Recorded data

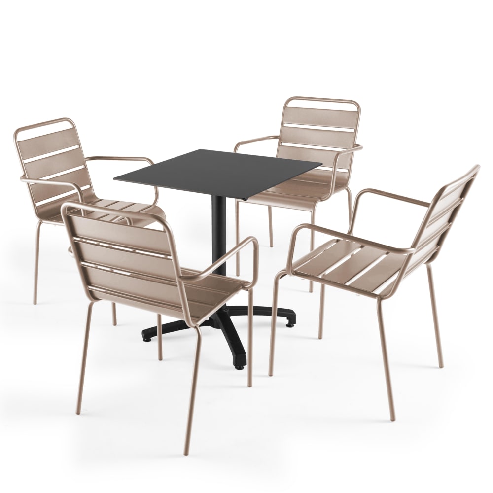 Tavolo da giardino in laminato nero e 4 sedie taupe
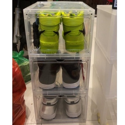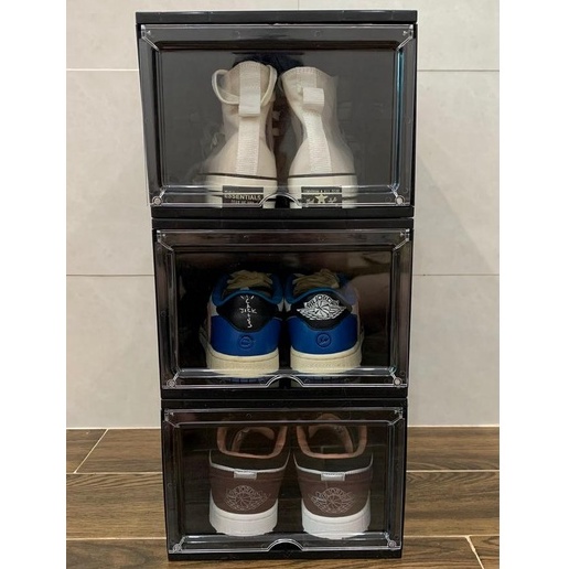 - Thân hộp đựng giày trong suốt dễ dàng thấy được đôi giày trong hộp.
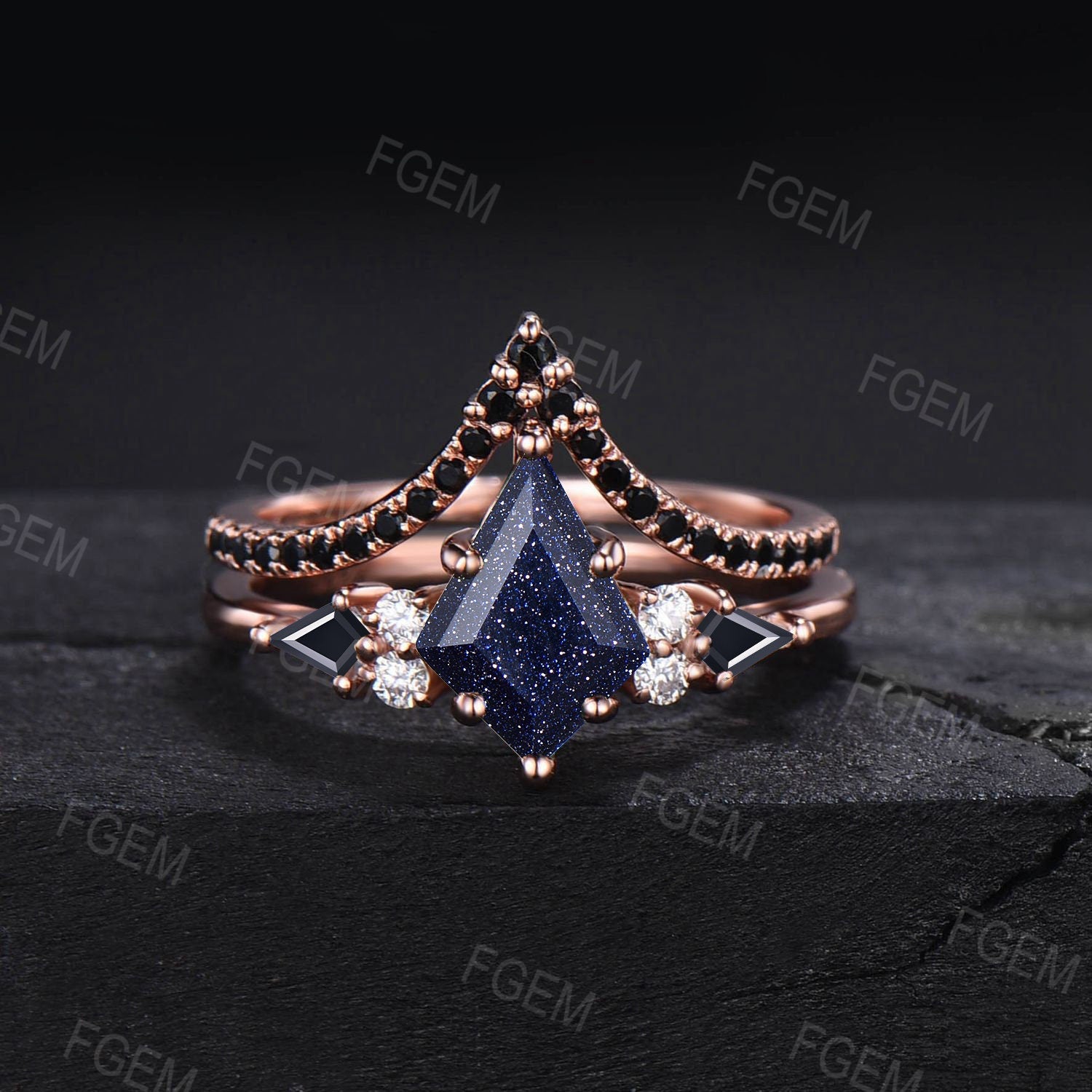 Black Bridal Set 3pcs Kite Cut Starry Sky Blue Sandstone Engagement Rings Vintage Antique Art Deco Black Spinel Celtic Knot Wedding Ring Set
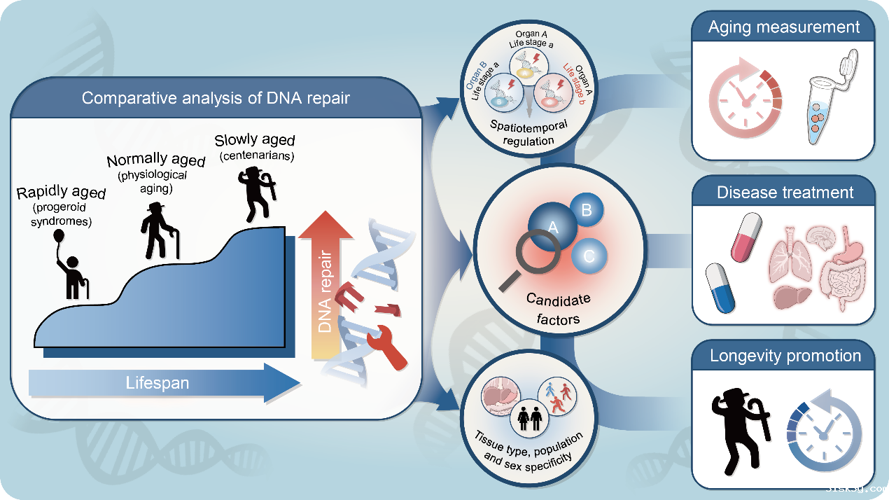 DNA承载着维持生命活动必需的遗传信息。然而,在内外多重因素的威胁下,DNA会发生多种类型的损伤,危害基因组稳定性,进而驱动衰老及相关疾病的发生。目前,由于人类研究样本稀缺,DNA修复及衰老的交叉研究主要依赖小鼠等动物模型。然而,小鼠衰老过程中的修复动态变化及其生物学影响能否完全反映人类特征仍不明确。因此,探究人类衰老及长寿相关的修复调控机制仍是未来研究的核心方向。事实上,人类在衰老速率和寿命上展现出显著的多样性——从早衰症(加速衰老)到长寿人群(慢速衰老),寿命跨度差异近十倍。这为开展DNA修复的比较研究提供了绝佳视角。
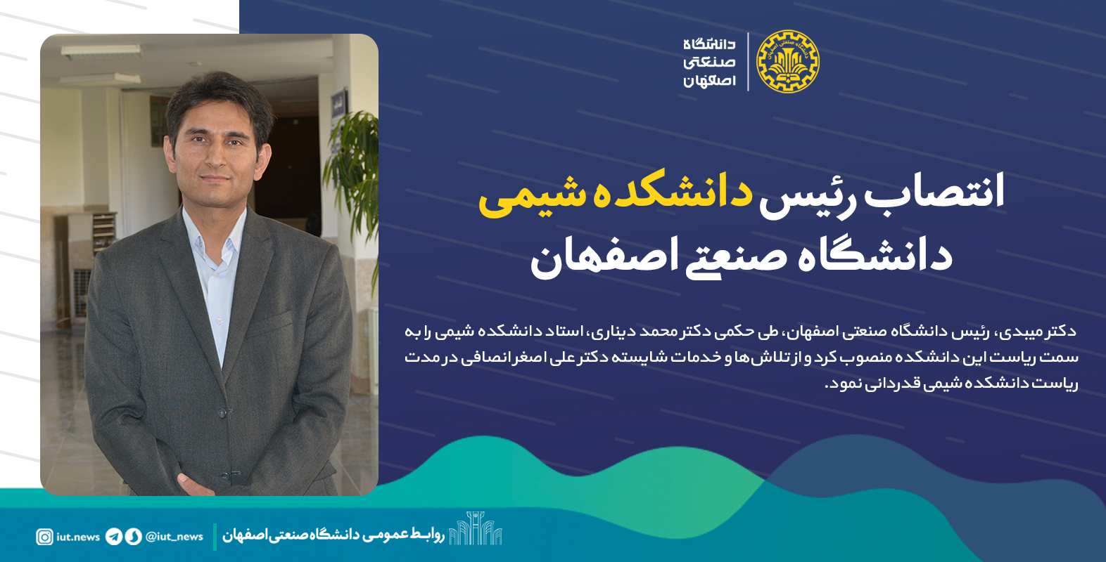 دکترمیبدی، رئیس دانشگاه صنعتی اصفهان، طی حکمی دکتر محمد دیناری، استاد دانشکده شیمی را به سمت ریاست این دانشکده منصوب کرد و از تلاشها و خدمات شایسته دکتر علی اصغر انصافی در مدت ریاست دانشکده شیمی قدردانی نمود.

**WHAT IS REQUIRED**
Since the pictures are not wanted, set down only the rest of each record, exactly as above.

**REPLY**
 Tavolo da giardino in laminato nero e 4 sedie taupe
 - Thân hộp đựng giày trong suốt dễ dàng thấy được đôi giày trong hộp.
 Black Bridal Set 3pcs Kite Cut Starry Sky Blue Sandstone Engagement Rings Vintage Antique Art Deco Black Spinel Celtic Knot Wedding Ring Set
 DNA承载着维持生命活动必需的遗传信息。然而,在内外多重因素的威胁下,DNA会发生多种类型的损伤,危害基因组稳定性,进而驱动衰老及相关疾病的发生。目前,由于人类研究样本稀缺,DNA修复及衰老的交叉研究主要依赖小鼠等动物模型。然而,小鼠衰老过程中的修复动态变化及其生物学影响能否完全反映人类特征仍不明确。因此,探究人类衰老及长寿相关的修复调控机制仍是未来研究的核心方向。事实上,人类在衰老速率和寿命上展现出显著的多样性——从早衰症(加速衰老)到长寿人群(慢速衰老),寿命跨度差异近十倍。这为开展DNA修复的比较研究提供了绝佳视角。
 دکترمیبدی، رئیس دانشگاه صنعتی اصفهان، طی حکمی دکتر محمد دیناری، استاد دانشکده شیمی را به سمت ریاست این دانشکده منصوب کرد و از تلاشها و خدمات شایسته دکتر علی اصغر انصافی در مدت ریاست دانشکده شیمی قدردانی نمود.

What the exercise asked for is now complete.